The Utah Senate Government Operations and Political Subdivisions Committee voted on Tuesday to scrap House Bill 195, a big government bill brought by Rep. Ken Ivory.
A similar variation of HB 195 had been vetoed by Gov. Spencer Cox in 2025, citing unworkability and vendor conflicts of interest. However, this year's version did not reach the Governor's desk, with senators recognizing the vendor-inspired scheme as unnecessary and entangling.
HB 195 attempted to create an elaborate public-private partnership whereby the state treasurer would "contract with one or more third parties to establish and operate a precious metals-backed electronic payment system on the state's behalf."
In doing so, Utah would have been party to designing and launching a state-run precious metals purchase, storage, and electronic payment system and then going into competition with private businesses in Utah and elsewhere.
The committee heard compelling testimony against the measure from the Sound Money Defense League and from Kim Coleman from Goldback, Inc. Testimony explained how the bill is anti-free market, anti-sound money, and that there is no compelling state interest for the state government to entangle itself in such an offering, especially when similar services are widely available privately.

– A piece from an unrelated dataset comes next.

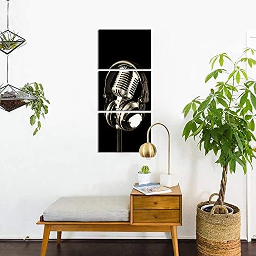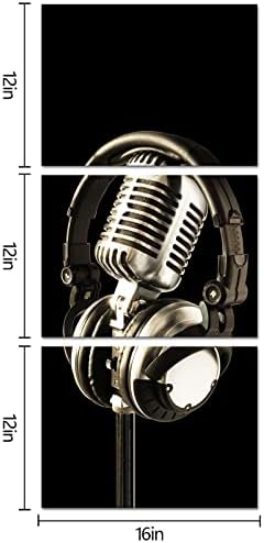 SiMiWOW 3 Piece Music Canvas Prints Black and White Headphone and Microphone Musical Picture Music Classroom Studio Decor Picture Framed Gallery Wrap
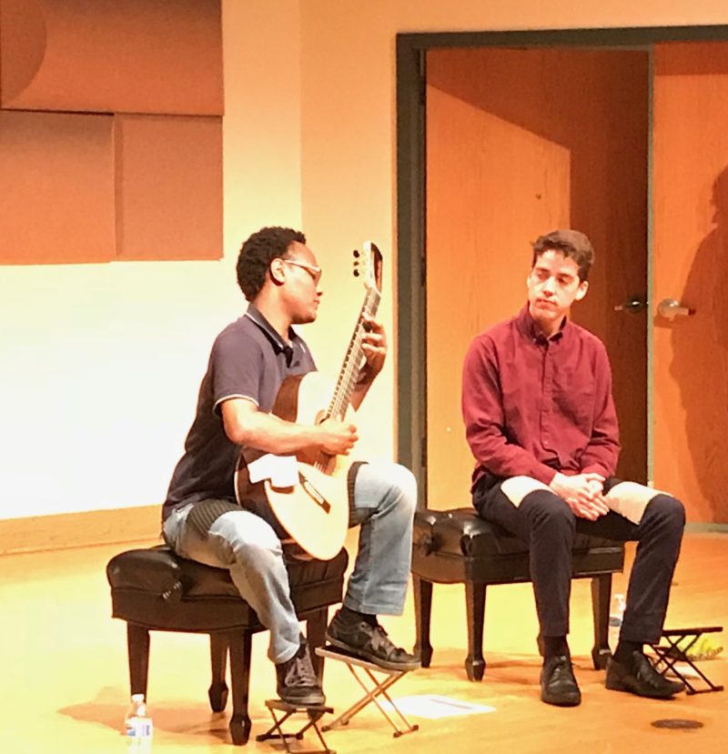 Over at the more intimate Clarke Hall on June 19, Raphaël Feuillâtre and Xavier Jara (respective winners of the 2018 and 2016 ICAC) managed to enthrall a nearly full auditorium of folks at a Luthier Showcase in which they demonstrated the sound of 22 different guitars from the Luthier Fair which took place in the nearby School of Music Building. I’d never seen one of these demos before. For each guitar, Xavier would play a short (roughly one-minute) passage, then hand the guitar to Raphaël, who played a different passage. They played the same two passages for each of the instruments, as the audience followed along on lists of the guitars, which were not identified by name, only number, from the stage. They all sounded pretty good to me, but I am definitely no expert in these matters. Anyway, an interesting demonstration to witness.

Stefan Gleason, CEO of Money Metals Exchange and Money Metals Depository, the largest precious metals depository in the western United States, testified that members of the public are generally uncomfortable with government involvement in their gold ownership or their personal financial affairs. He also warned against Utah transitioning from its traditional role as regulator to launching financial products that compete with private businesses while also creating reputational and regulatory risks for the state.
Prior to Utah this week, Michigan, Wyoming, New Jersey, Oklahoma, Iowa, West Virginia, Idaho, Mississippi, and South Dakota had already abandoned these proposals in response to various criticisms raised by policymakers, businesses, and investors:
Gold Payment App Ploy to Obtain Special Government Blessing and Privilege - The public-private partnership concept is backed by individuals connected with gold payment apps. Even though these apps are already available for use in every state in the country, they desire the imprimatur of state government endorsement to help attract new customers and overcome their competition.
Vendor Tax Favoritism, Scare Tactics to Pry Customers Away From Other Businesses - Promoters have made false and extremely irresponsible marketing claims that customers of a state-selected vendor could evade federal capital gains taxes ... or that members of the public could face confiscation of their precious metals if they did not patronize the state-partnered gold vendor.
New Burdensome Regulations - Some variations of these bills would also force hundreds of small businesses (e.g., coin shops, mints) to register as Money Services Businesses or seek some other license, subjecting them to new stringent regulatory and examination burdens for no discernable benefit while imposing elaborate bank-like signup processes on customers. State regulators would be forced to take responsibility for overseeing gold market and payment activities about which they lack experience or expertise.
Other reasons lawmakers have pushed back against these proposals include:
Buying, Selling, Storing, and Transacting Gold is Already Legal- Private services to buy, sell, store, and transact using gold/silver are already legal and widely available. There is no need to involve the state.
Lack of Industry Expertise & Understanding of Negative Business Impacts - These public-private partnership bills have been drafted with little apparent knowledge of precious metal depositories and dealers, the forms of precious metals that are available in the marketplace, and industry physical market practices for gold and silver coins, bars, and rounds. Most importantly, they have been drafted without sensitivity to the negative impact they would have on in-state businesses when there is no apparent need for new regulations.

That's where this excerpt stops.